Binding file name | Binding data resource | Data description | Peak no. | Expression file name | Expression data accession no. |
---|---|---|---|---|---|
3656_peaks.bed | Brown Laboratory24 | AR in LNCaP cells | 7095 | AR_diff_expre.xls | GSE7868 (ref. 24) |
5795_peaks.bed | GSE24841 (ref. 39) | Tet1 in mES cells | 35532 | Tet1_diff_expre.xls | GSE24842 (ref. 39) |
349_peaks.bed | GSE19013 (ref. 40) | ESR1 in MCF-7 cells | 7031 | ESR1_diff_expr.xls | GSE11324 (ref. 41) |
Box 2. Optional BETA parameters.
-n NAME, --name NAME | Name result file |
-o OUTPUT, --output OUTPUT | Directory to store all output files |
--gname2 | If switched on, gene or transcript IDs in files given through -e will be considered official gene symbols DEFAULT=FALSE |
--info EXPREINFO | Specify gene ID, up/down status and statistical values Columns? of expression data; DEFAULT: 2,5,7 for LIMMA; 2,10,13 for Cuffdiff; 1,2,3 for BETA-specific format |
--pn PEAKNUMBER | Number of peaks contributing to regulatory potential score DEFAULT=10000 |
--df DIFF_FDR | Input a value 0–1 as a significance threshold for differentially expressed genes by statistical value DEFAULT=1 (all genes) |
--da DIFF_AMOUNT | Most significant differentially expressed genes by proportion (0–1) or number (>1) and ranked by statistical value; for example, 2,000 will set the top 2,000 up genes and 2,000 down genes DEFAULT=0.5 (top 50% up genes and top 50% down genes) |
-c CUTOFF, --cutoff CUTOFF | Input a value 0–1 as a threshold of one-tail Kolmogorov-Smirnov test to determine significant difference DEFAULT=1e-3 |
Box 3. Parameters for BETA-plus extension usage.
| |
-r REFERENCE, --reference REFERENCE | The gene annotation file is downloaded from http://genome.ucsc.edu/. Input only if the genome is neither hg19 nor mm9 |
| |
--bl BOUNDARYLIMIT | Boolean value; whether or not to use a CTCF boundary to obtain a peak’s associated gene, DEFAULT=FALSE |
--bf BOUNDARYFILE | BED format boundary file; use only when --bl is set and genome is neither hg19 nor mm9 |
? TROUBLESHOOTING
Troubleshooting advice can be found in Table 2.
TABLE 2.
Step | Problem | Possible reason | Solution |
---|---|---|---|
1–6 | Installation failed | Variable problems (and see below) | Refer to the readme or detailed installation online http://cistrome.org/BETA/#inst |
6 | Setuptools error | Lack of the Python package ‘setuptools’; multiple versions of Python installed | To install setuptools, input the following in the terminal: $ curl http://python-distribute.org/distribute_setup.py | sudo python For multiple python versions, specify the PYTHONPATH of 1 over 2.6 in environment variable: > export PYTHONPATH=PATH_TO_BETA_LIB |
Installation failed | Incorrect permission of the installation directory | Modify PYTHONPATH and reinstall BETA with: ––prefix | |
8, 9 | Error when checking input file format | Unsupported format of input data or incorrect [LIM/CUF/BSF/O] parameter | Check the input file, especially for differential expression data; see examples of test data in the BETA package |
10, 11 | No results output | Low data quality or unmatched binding and expression data | Use high-quality data or loosen some parameters |
● TIMING
In general, it takes 2, 1 and 20 min to run BETA-basic, BETA-minus and BETA-plus, respectively. The run time is closely related to the number of binding events (users can set top binding sites by using the parameter --pn) and the number the differentially expressed genes (which depends on –da and --df).
ANTICIPATED RESULTS
BETA-basic
BETA-basic rapidly analyzes a factor’s function and its direct targets.

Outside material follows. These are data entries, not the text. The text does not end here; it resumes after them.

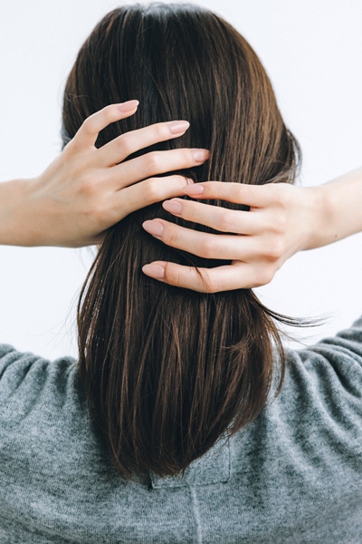 2.手ぐしでひとつにまとめて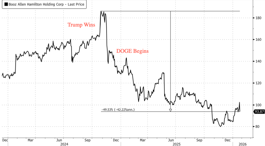 Shares of Booz Allen are down 7.5% in the cash session this morning, marking the worst single-day decline since October 24, when the stock fell about 9%. Shares have been cut roughly in half since President Trump’s November 2024 election victory, as Elon Musk’s DOGE initiative began aggressively targeting waste, fraud, and abuse across the federal bureaucracy in early 2025.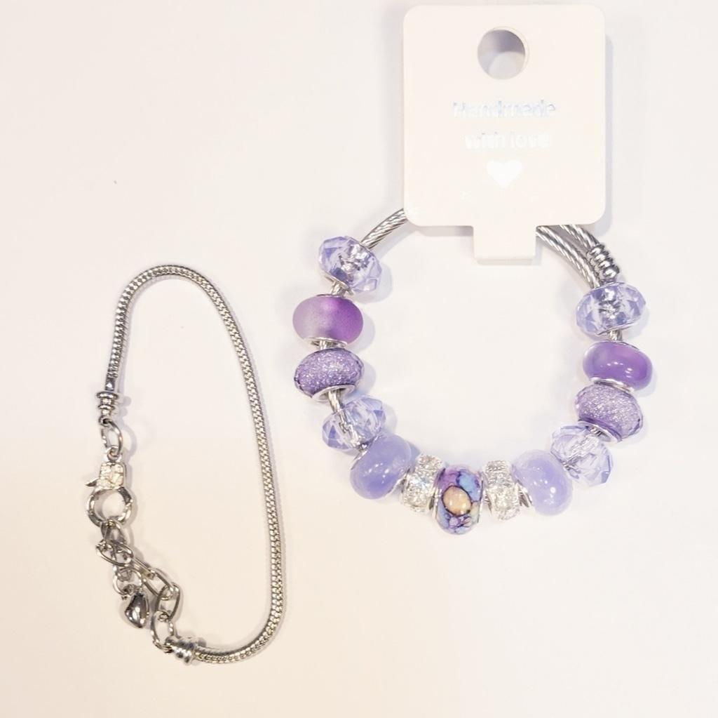 Handmade beaded 7" adjustable snake coil bracelet. The beads are made from brass, resin, and glass. The bracelet also comes with a second snake coil chain, with a 2" adjustable clasp and a heart charm. Simply twist the end off to customize your bracelet at home. This elegant charm bracelet features a stunning combination of purple hues, perfect for adding a touch of sophistication to any outfit. The intricate design and vibrant colors make it a must-have accessory. #Europeanstylebeads #beadedbracelet #snakecoilbracelets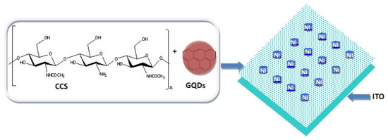 Great efforts to develop biocompatible or biodegradable devices have been made, adopting both organic materials and inorganic materials [13,22]. However, the balance between device performance and biocompatibility or biodegradability has been insufficiently considered. The biodegradability and biocompatibility requirements predominantly impose restrictions on the suitability of conductive materials for complementary metal-oxide−semiconductors (CMOS), such as Pt, Ag, Al, Si, etc. [23]. Therefore, it is crucial to rebuild bioelectronic systems to achieve a trade-off between device performance and biocompatibility. Nevertheless, biomemory devices based on biocompatible materials like protein, cellulose and DNA exhibit binary resistive-switching behavior, with biologically incompatible electrodes like Al, Pt, Au and Ag [24,25,26]. This may hinder the implementation of a practical biomemory system. This paper aims at providing a novel biomemristic device using Ni/CCS:GQDs/indium-tin-oxide (ITO), in which CCS:GQDs nanocomposites serve as passive components; ITO and Ni are used as top and bottom electrodes, respectively. CCS:GQDs nanocomposites are nontoxic, sustainable, and environment-friendly, and, furthermore, ITO and Ni are nontoxic and non-polluting for the environment and can be recycled and reused. The focus is on the charge trapping–detrapping mechanism concerning CCS:GQDs nanocomposites as well, which renders them promising candidates for enabling the biocompatibility and integration of high-performance biomemristic devices.
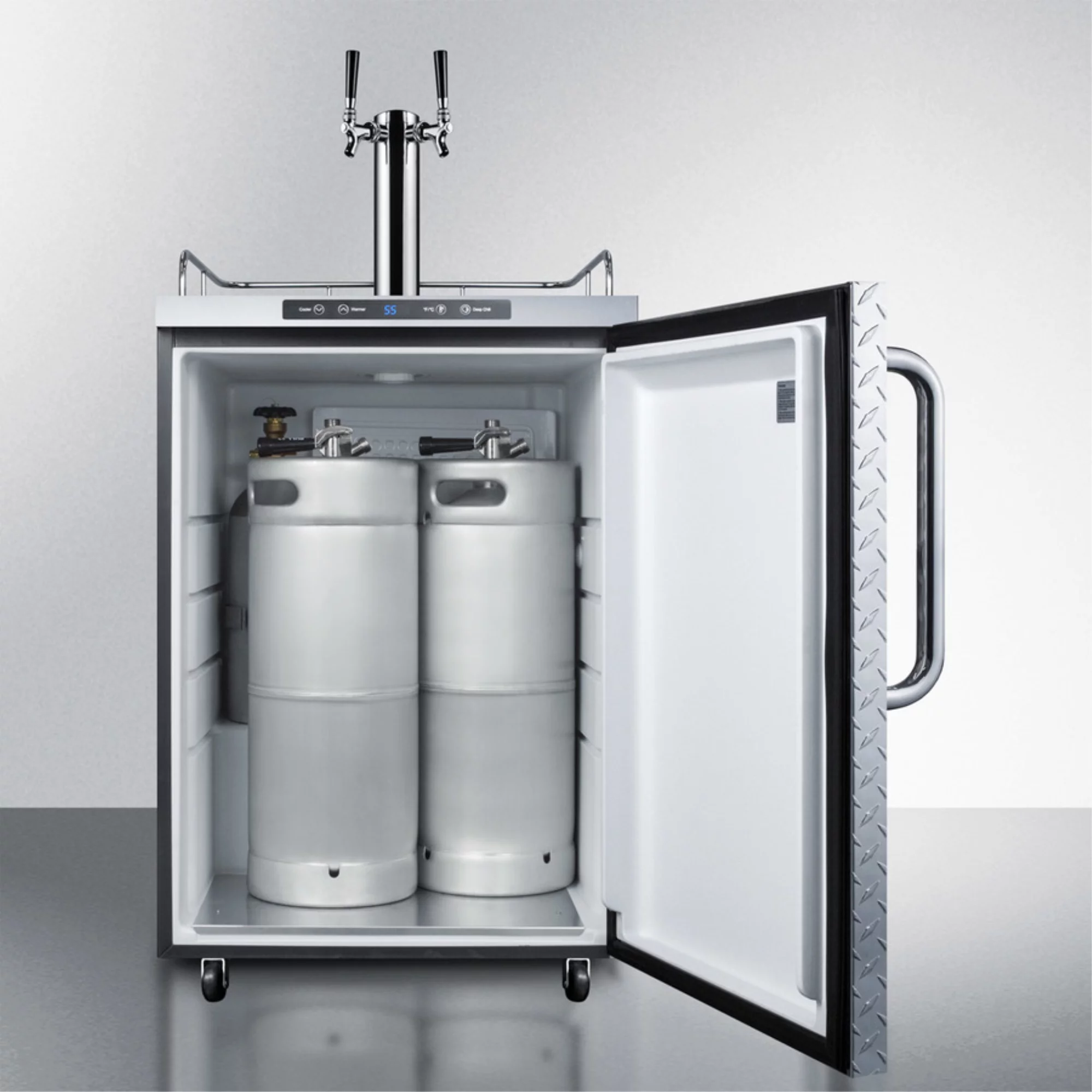 Freestanding residential outdoor beer dispenser, auto defrost with digital thermostat, stainless steel wrapped cabinet, diamond plate door, towel bar handle, and dual tap system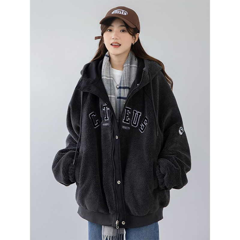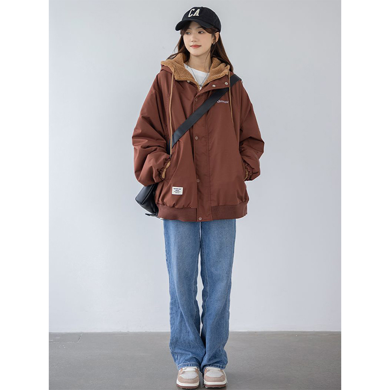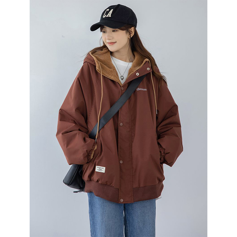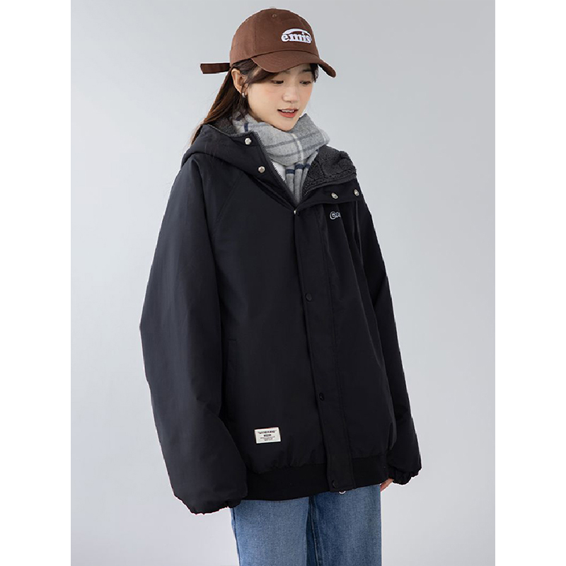 胖mm大码女装美式复古双面穿棉衣棉服冬季宽松连帽羊羔毛加厚外套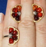 яс-018. Комплект "Дольки грейпфрута" с коньячно-вишнёвым янтарём. 17 разм.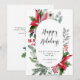 Tarjeta de Felicitación Navideña de Poinsettia Elegante con Muérdago.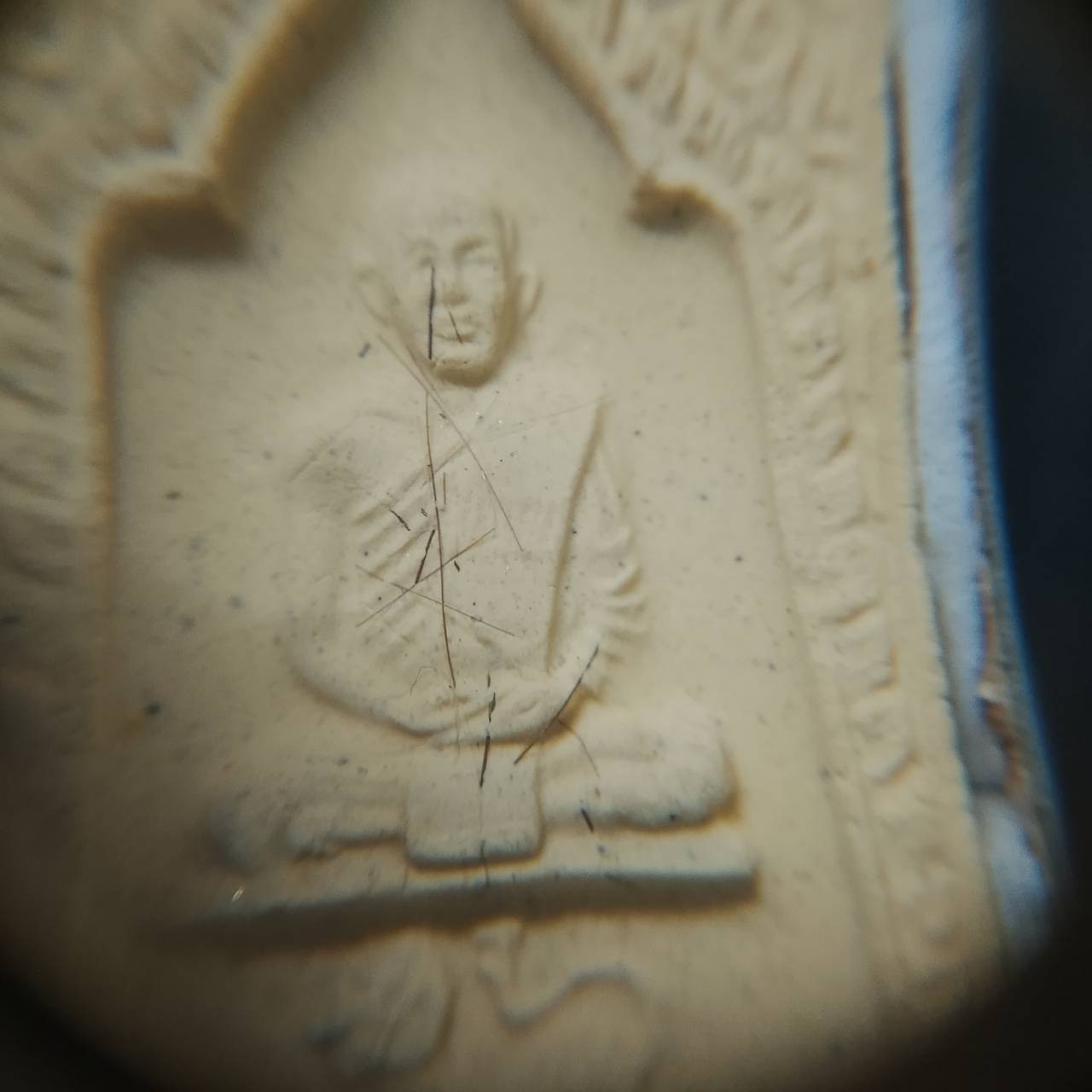 ลพ.มี วัดมารวิชัย อยุธยา รูปเหมือนเนื้อผงลายไทย รุ่นลาภผลพูนทวี ปี๓๖ ฝังตะกรุด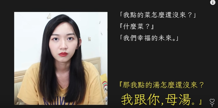 許多男女朋友都會一起享受美食,在等候菜餚時也可以展現魅力,男友問:「我點的菜怎麼還沒來?」女友:「什麼菜?」男友自以為很浪漫:「我們幸福的未來」,未料,阿心以「那我點的湯怎麼還沒來?我跟你,母湯」,成功反制!
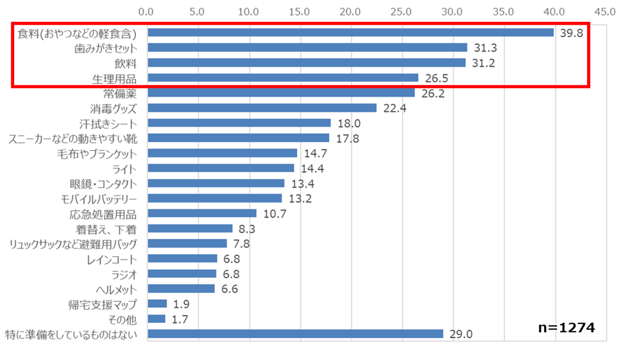 ・続いて、「歯みがきセット」と「飲料」が3割、「生理用品」も2割を超える

The resulting output files are listed here:
File name | Description | Function (PROCEDURE Steps) |
---|---|---|
NA_byscores.R | R script for function prediction | Up or down or both Steps 11A(i, iii and iv), 11B(ii, iii and iv) |
NA_score.pdf | PDF file for function prediction | Up or down or both Steps 11A(i, iii and iv), 11B(ii, iii and iv) |
NA_uptarget.txt | Upregulated direct targets | Up Steps 11A(i and iv), 11B(ii and iv) |
NA_uptarget_associate_peaks.bed | Associated peaks of upregulated targets | Up Steps 11A(i and iv), 11B(ii and iv) |
NA_downtarget.txt | Downregulated direct targets | Down Steps 11A(iii and iv), 11B(iii and iv) |
NA_downtarget_associate_peaks.bed | Associated peaks of downregulated targets | Down Steps 11A(iii and iv), 11B(iii and iv) |
Functional prediction results are presented as a cumulative distribution function plot; direct target genes can be downloaded as a tab-delimited text file with the first six columns in standard BED format. In addition to these outputs, the file basic_score.pdf predicts whether the factor has an activating or repressive function or both (Figs. 2a and 3). Among the three data sets used in Step 11, BETA found AR to have an activating function in the prostate cancer cell line LNCaP (Fig. 2a), Tet1 to have a repressing function in mouse ES cells (Fig. 3a) and ESR1 to have both activating and repressing functions in the breast cancer cell line MCF-7 (Fig. 3b); these finding are consistent with the previous studies5,39. Direct upregulated targets or downregulated targets are listed in the NA_uptarget.txt or NA_downtarget.txt file, and the associated peaks named NA_uptarget_associated_peaks.bed or NA_downtarget_associated_peaks.bed will be output as well. All the output results have the same format with the AR output shown in the Experimental design.
BETA-plus
BETA-plus runs function prediction, target detection and binding motif analysis step by step. Motif results are deposited into a directory named ‘motifresult’, which is under the BETA results directory defined by the parameter -o. If a factor functions as both an activator and a repressor of gene expression (e.g., ESR1 in MCF7 cells), BETA will perform motif searches in both upregulated and downregulated target gene regions, enrichment analysis of motifs in up- or down-target over nontarget regions and identification of upregulation- and downregulation-specific motifs. The binding motif analysis file betamotif. html summarizes all significant binding motif results on a web page. The result of the ESR1 analysis are shown in Figure 4, with Figure 4a,b depicting binding motifs found in upregulated and downregulated target gene regions, respectively. The ESR1 binding motif was the most significant one in both up- and down-target regions. The retinoid X receptor alpha (RXRA) binding motif was found to have a negative t score, which represents RXRA enriched in downregulated genes. Motifs with a positive t score represent enrichment in upregulated genes (Fig. 4c). In addition, binding motifs found in upregulated and downregulated genes (compared with nontargeted genes) represent potential collaborating factors to ESR1 (Fig. 4d,e).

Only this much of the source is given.